In 2001, Key3 Media Group was tumbling. With annual revenues of roughly $325 million and a work force of 800, the trade show producer owned such major brands as Comdex and NetWorld+Interop. But years of acquisitions left it mired in debt. Then the chill of business travel after 9/11, a shift in high-tech business models and a soft economy left cash trailing behind expenses. This past February, the company went into voluntary bankruptcy, emerging five months later with a new name, MediaLive International, a new home, San Francisco, and a new lease on life-as a private company. Out of the public spotlight, the company was free to concentrate on strategies and tactics to fortify business. “We needed the freedom to rethink our model when we were responding to a fundamental change of the market as a whole,” says MediaLive International CEO Robert Priest-Heck.
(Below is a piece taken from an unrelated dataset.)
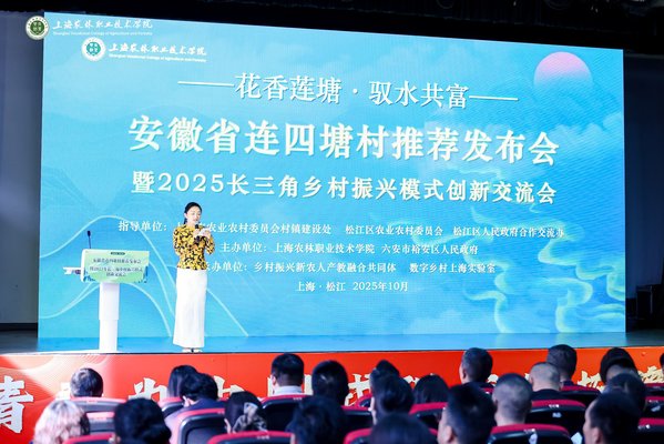 10月28日上午,为深入贯彻《上海农林职业技术学院与六安市裕安区人民政府战略合作框架协议》精神,积极服务长三角一体化发展国家战略,共同探索乡村振兴的创新模式与实践路径,“花香莲塘·驭水共富”安徽省连四塘村推荐发布会暨2025年长三角乡村振兴模式创新交流会在上海农林职业技术学院大礼堂举行。
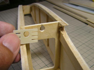 ![]() 捻れないように注意しながら胴枠と側板を瞬間接着剤で接着して組み上げます。 ![]() ダウエル受けの穴を開け、調整したところ、上の部分の肉がほとんど無くなって しまいました。 胴枠は3ミリベニヤ製ですが、ちょっと心配でしたのでFRP板を 加工して補強として接着しました。 ![]() このようになりました。 ![]() テール部分は、スピンナー、ハブに合わせて削る必要がありますので、四隅に 三角材を入れておきます。 |

It’s the kind of shelter more and more public company CEOs have been seeking, as a result of the steep accounting expenses forced by Sarbanes-Oxley, the beating most stocks have yet to recover from, and the time being a publicly held company increasingly takes away from strategizing for the long-term. According to Factset Mergerstat, a mergers and acquisitions market research firm based in Los Angeles and New York, going-private transactions jumped from just 197 in 2000 to 316 in 2002, and 2003 has been keeping an equally busy pace.
But the process is demanding. Financing routes run the gamut from equity investment and subordinated debt combinations to asset lease-back plans, employee-funded stock buy-backs and even junk bonds. And if money is slow to come, competitors may attack the business, while other bidders appear, ready to steal the company out from under management. And then there are the shareholder lawsuits that can be set off by even the whiff of a conflict of interest.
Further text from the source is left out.